Weight belts and the subsequent chains that are attached to them are another form of weighted calisthenic equipment that hang off the exerciser’s body as a way to affix weighted objects to it - most often in the form of a weight plate or cable machine pulley carabine.
Usually, weight belts are wrapped around the waist or hips with the chain of the belt looped through the hole of a weight plate so as to provide a source of additional resistance, albeit an unstable one.
This presents several advantages, such as shifting the source of resistance away from the exerciser’s body and thereby increasing stabilizer muscle recruitment, reducing the bulkiness of the equipment and allowing a downward angle of resistance to be achieved.
In particular, weight belts see the most usage during pull ups and dips exercises, as both of these exercises feature enough space and the need for a gravity-assisted object of resistance in order to increase the intensity of the movement.
As a benefit of the loading method used in weight belts, the exerciser is capable of loading the equipment with far more weight than what would be possible with weighted vests or ankle and hand weights - allowing it to carry as many weight plates as can be strung through with the belt’s chain.
Quite a number of advantages are presented by the performance of weighted calisthenics, though the majority of such advantages are also applicable in the case of conventional calisthenics and as such do not require coverage within the context of this article.
Instead, it is better to focus on the advantages of performing weighted calisthenics as a progressive training modality from unweighted calisthenic exercises; of which primarily revolve around the greater intensity of the exercises performed.
Weighted calisthenics will often result in greater muscular hypertrophy, neurological strength adaptations and cardiovascular adaptations than its unweighted counterpart exercises - not only due to the higher intensity of weighted calisthenics, but also because of alterations made in the mechanics of such exercises as the exerciser must compensate for an object of resistance that is not their own bodyweight.

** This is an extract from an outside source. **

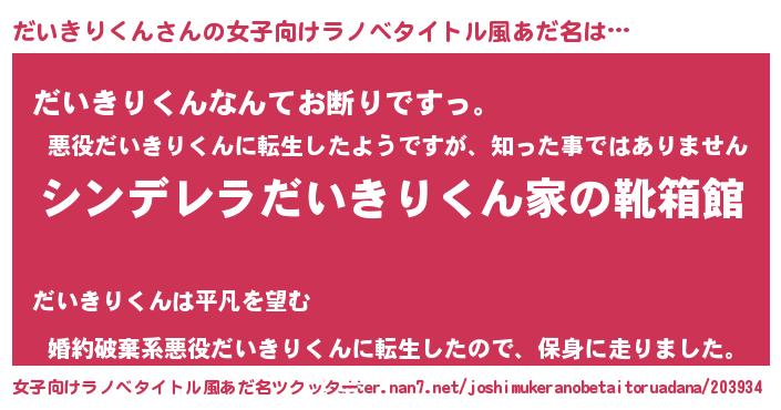 | 男性向けラノベタイトル風あだ名 | 『緋弾のダイキリクン』 |
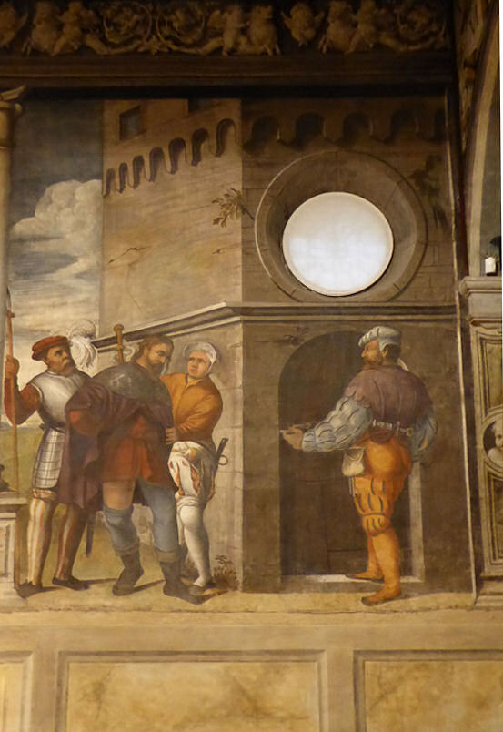 ![]() ![]() History Renaissance in style, built in 1436 at the expense of Domenico Campolongo, a Paduan nobleman, and enlarged in 1525. Art In the refectory here, a large Crucifixion by Michele da Verona dated 28th March 1505, itself a smaller version of a work of 1501 in San Giorgio in Braida in Verona, both commissioned by the Secular Canons of the Blessed Lorenzo Giustiniani. Impressive frescoes by Domenico Campagnola, a Paduan pupil of Titian. Two(?) paintings by Bartolomeo Montagna, one being the Virgin and Child Enthroned, with Saints Peter, John the Baptist, Catherine, Paul and Angel Musicians (c.1512) over the high altar (see left) which was restored in 2002. It also has wings depicting Saints Lawrence and Francis. An Entombment, signed by Jacopo Bassano and dated 1574 on the stone, bottom centre, over the last altar on the left wall. A Sacra Conversazione by Antonio Vassilacchi, the Greek painter and pupil of Paolo Veronese, also known as L'Aliense (the alien) who worked mostly in Venice, especially in the Doge's Palace after the 1577 fire. |

This is furthered by the additional benefit of weighted calisthenics directly carrying over to improved performance of conventional calisthenic exercises, such as in the case of an exerciser being able to perform far more pull up repetitions unweighted after they have spent some time training with weighted pull ups instead.
Though much of this can be explained by simple muscular hypertrophy, movement-specific performance improvements are well-established in academic fitness literature, and evidence supports the theory that performing an exercise at a greater intensity can improve performance of the same exercise at lower intensity, even without significant muscular development taking place.
This article only touches the surface of what weighted calisthenics is and how it can help an exerciser in achieving their goals, as - like any other training modality - there are aspects and factors involved in weighted calisthenics that make it difficult to fully grasp without diving deeply into the academics of exercise and physiology.
Despite this, the reader should come away with the understanding that though weighted calisthenics is doubtless an excellent method of resistance training; it is not a catch-all modality, and will not always be the correct fit for every circumstance or training program.
If you are a calisthenics athlete finding that conventional unweighted exercises develop your musculature too slowly, or wish to significantly increase the intensity of said exercises, weighted calisthenics are the ideal solution.